Check it after start of pgpool and after few hours of work and when you get the error.

Regards,
Rafal
P.S. I have Solaris 10 8/11 s10x_u10wos_17b X86

________________________________
From: Aravinth [mailto:caravinth at gmail.com<mailto:caravinth at gmail.com>]
Sent: Friday, June 29, 2012 11:45 AM

To: Kuczynski, Rafal (LNG-POL)
Cc: pgpool-general at pgpool.net<mailto:pgpool-general at pgpool.net>
Subject: Re: [pgpool-general: 680] Re: strange load balancing issue in Solaris

Hi Rafal,

Thanks for the reply.
Its Solaris 10  64 Bit(Oracle Solaris 10 9/10 s10s_u9wos_14a SPARC)

In my configuration I have
num_init_children = 300
max_pool = 1
child_life_time = 300
child_max_connections = 0
connection_life_time = 0
client_idle_limit =1000


--Aravinth
On Fri, Jun 29, 2012 at 3:06 PM, Kuczynski, Rafal (LNG-POL) <Rafal.Kuczynski at lexisnexis.pl<mailto:Rafal.Kuczynski at lexisnexis.pl>> wrote:
Check for memory leaks, it's possible in solaris.

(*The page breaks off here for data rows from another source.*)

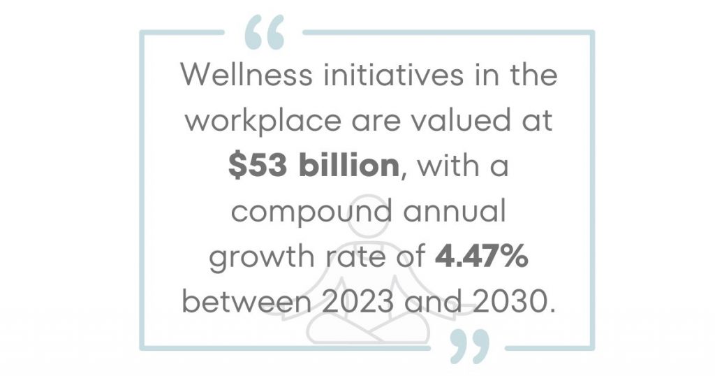 While different studies and surveys may show somewhat different engagement, there is a growing trend of wellness initiatives in the workplace. In fact, predictions for the global market size, valued at $53 billion, show an expansion with a compound annual growth rate (CAGR) of 4.47% between 2023 and 2030.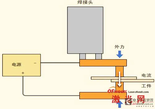 施加力量下的振动作用在焊接界面上造成不均匀表面的塑性变形,从而导致形成高度密切的接触和金属原子扩散。由扩散形成连接,连接处没有熔化。部件产生一些变形或变薄,但是可以正常控制。通过焊头的摩擦来维持焊头与部件之间的接触,通过焊头上的压花纹加强摩擦。 超声波焊接特别适合于导电部件的薄板焊接,其中包括铝和铜。超声波工艺在微焊接中存在一些缺点。由于需要将力量传输到部件上,因此,连接的两侧要求产生机械接触。另外,焊头是一种要求检验和更换的损耗品。连接的几何形状在一定程度上仅限制于搭接焊接。最后,受焊头驱动影响,焊接周期速度会降低生产速度。 电阻焊接:工艺灵活,但是不适合于机械精密部件。 当电流通过部件时,电阻焊(图2)使用焊接界面的高电阻产生热量。电流产生于工件的相同侧或相反侧接触部件的电极,形成回路。在部件上施加一些力量,以确保电气接触。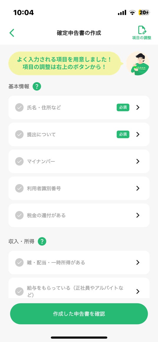 氏名や住所などの基本情報や、ふるさと納税、医療費等の必要な情報をガイドに沿って入力するだけで確定申告書類を自動で作成できます。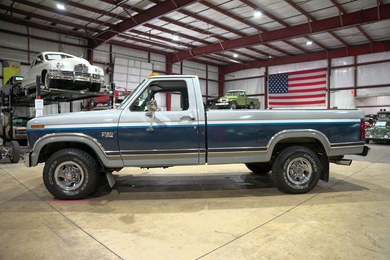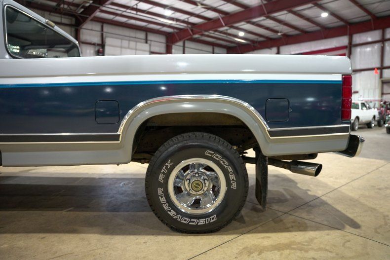 GR Auto Gallery is excited to present this 1986 Ford F150 XL finished in a striking two-tone Light Smoke Metallic and Shadow Blue Metallic exterior over a classic blue and silver cloth interior. This F150 carries the unmistakable square-body styling of the 1980s, a look that has become increasingly collectible among truck enthusiasts. Its rugged lines are enhanced by chrome bumpers, a LOPRO tonneau cover, blue door cards, and a set of fresh tires, giving the truck a well-preserved and ready-for-the-road appearance.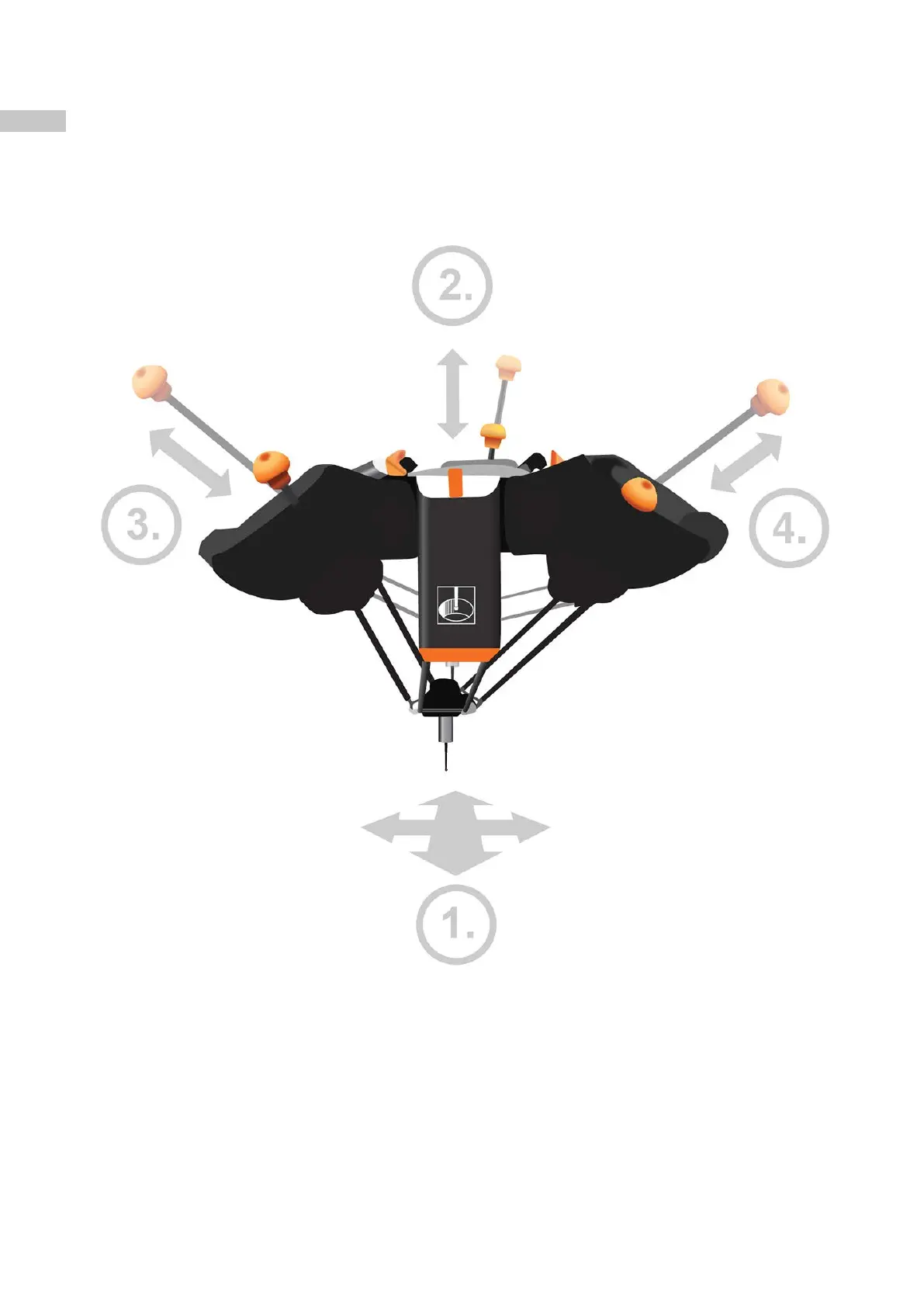 it registers the reference mark, starting with the strut at the back of the machine (axis labelled P).

Maybe after few hours the amount of ram used by pgpool processes is significantly greater?
My suggest is to observe ram/swap usage and size of pgpool proceesses while it's running, maybe size of the processes grows in time.

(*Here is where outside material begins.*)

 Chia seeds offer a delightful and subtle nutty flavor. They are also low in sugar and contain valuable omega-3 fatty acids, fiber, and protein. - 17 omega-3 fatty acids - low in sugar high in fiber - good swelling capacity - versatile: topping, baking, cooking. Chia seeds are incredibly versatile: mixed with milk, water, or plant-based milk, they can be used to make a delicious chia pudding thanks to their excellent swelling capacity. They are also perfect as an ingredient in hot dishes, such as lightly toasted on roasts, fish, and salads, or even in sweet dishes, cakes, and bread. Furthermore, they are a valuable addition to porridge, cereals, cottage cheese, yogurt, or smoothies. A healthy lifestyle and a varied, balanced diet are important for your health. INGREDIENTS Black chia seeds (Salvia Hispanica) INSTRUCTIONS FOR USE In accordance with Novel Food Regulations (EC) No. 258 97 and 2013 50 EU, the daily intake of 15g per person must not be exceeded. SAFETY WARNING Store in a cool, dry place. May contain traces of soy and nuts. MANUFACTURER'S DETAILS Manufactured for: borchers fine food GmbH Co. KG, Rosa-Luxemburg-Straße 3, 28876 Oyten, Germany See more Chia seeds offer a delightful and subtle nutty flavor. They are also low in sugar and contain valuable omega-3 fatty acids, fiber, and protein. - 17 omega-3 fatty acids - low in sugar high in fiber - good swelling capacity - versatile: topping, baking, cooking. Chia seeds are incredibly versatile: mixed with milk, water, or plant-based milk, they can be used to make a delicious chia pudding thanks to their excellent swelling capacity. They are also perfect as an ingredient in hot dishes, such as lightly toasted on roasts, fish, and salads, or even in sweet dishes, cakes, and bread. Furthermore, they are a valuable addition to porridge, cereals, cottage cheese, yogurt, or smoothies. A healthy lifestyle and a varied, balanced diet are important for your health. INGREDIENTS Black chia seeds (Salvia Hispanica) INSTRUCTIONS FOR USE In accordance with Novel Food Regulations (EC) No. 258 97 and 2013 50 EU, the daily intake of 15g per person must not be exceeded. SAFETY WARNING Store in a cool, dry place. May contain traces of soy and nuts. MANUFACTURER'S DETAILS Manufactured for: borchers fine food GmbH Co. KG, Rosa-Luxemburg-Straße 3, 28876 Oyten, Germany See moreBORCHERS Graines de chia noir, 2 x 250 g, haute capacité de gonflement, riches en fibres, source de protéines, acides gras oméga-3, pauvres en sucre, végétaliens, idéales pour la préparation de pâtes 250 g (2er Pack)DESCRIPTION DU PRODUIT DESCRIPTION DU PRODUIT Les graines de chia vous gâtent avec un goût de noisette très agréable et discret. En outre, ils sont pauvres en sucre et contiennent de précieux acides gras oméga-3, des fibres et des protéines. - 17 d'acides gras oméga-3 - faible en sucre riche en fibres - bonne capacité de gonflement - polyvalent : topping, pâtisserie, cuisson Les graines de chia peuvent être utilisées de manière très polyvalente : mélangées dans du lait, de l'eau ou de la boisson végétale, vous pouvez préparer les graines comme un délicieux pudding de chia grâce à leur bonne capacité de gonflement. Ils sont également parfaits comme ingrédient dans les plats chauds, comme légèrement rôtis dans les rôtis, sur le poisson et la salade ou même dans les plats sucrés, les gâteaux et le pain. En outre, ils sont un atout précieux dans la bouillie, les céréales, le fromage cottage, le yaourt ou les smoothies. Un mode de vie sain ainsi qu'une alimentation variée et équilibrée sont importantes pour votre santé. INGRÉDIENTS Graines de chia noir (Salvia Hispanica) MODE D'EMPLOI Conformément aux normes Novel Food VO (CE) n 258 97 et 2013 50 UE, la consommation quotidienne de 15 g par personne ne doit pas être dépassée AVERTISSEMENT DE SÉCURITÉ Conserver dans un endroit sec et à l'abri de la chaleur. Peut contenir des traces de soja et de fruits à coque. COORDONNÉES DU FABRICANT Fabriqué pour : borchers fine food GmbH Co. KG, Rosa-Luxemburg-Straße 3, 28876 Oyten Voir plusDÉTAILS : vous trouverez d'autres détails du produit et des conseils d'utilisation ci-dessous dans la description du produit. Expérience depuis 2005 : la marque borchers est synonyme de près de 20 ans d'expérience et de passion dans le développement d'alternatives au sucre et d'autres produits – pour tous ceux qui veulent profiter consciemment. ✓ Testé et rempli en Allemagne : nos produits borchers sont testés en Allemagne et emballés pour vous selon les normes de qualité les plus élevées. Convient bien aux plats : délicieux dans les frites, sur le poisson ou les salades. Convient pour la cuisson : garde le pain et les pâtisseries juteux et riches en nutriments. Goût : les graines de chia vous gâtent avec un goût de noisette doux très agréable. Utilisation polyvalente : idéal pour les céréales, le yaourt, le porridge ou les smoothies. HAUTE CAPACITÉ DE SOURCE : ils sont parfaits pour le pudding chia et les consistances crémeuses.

Although, I have configuration:
num_init_children = 100
max_pool = 5
Pgpool 3.1.3 on solaris 10 (x86) and did not encounter any problems with memory leaks.

Did you have any other software running on server with pgpool? Is this physical server or virtual machine? What is your solaris version?

Regards,
Rafal


________________________________
From: caravinth at gmail.com<mailto:caravinth at gmail.com> [mailto:caravinth at gmail.com<mailto:caravinth at gmail.com>] On Behalf Of Aravinth
Sent: Friday, June 29, 2012 11:14 AM
To: Kuczynski, Rafal (LNG-POL)
Cc: pgpool-general at pgpool.net<mailto:pgpool-general at pgpool.net>
Subject: Re: [pgpool-general: 677] Re: strange load balancing issue in Solaris

Hi Rafal,

The total RAM size is 16GB. Also pgpool was able to handle 300 connection for a few hours.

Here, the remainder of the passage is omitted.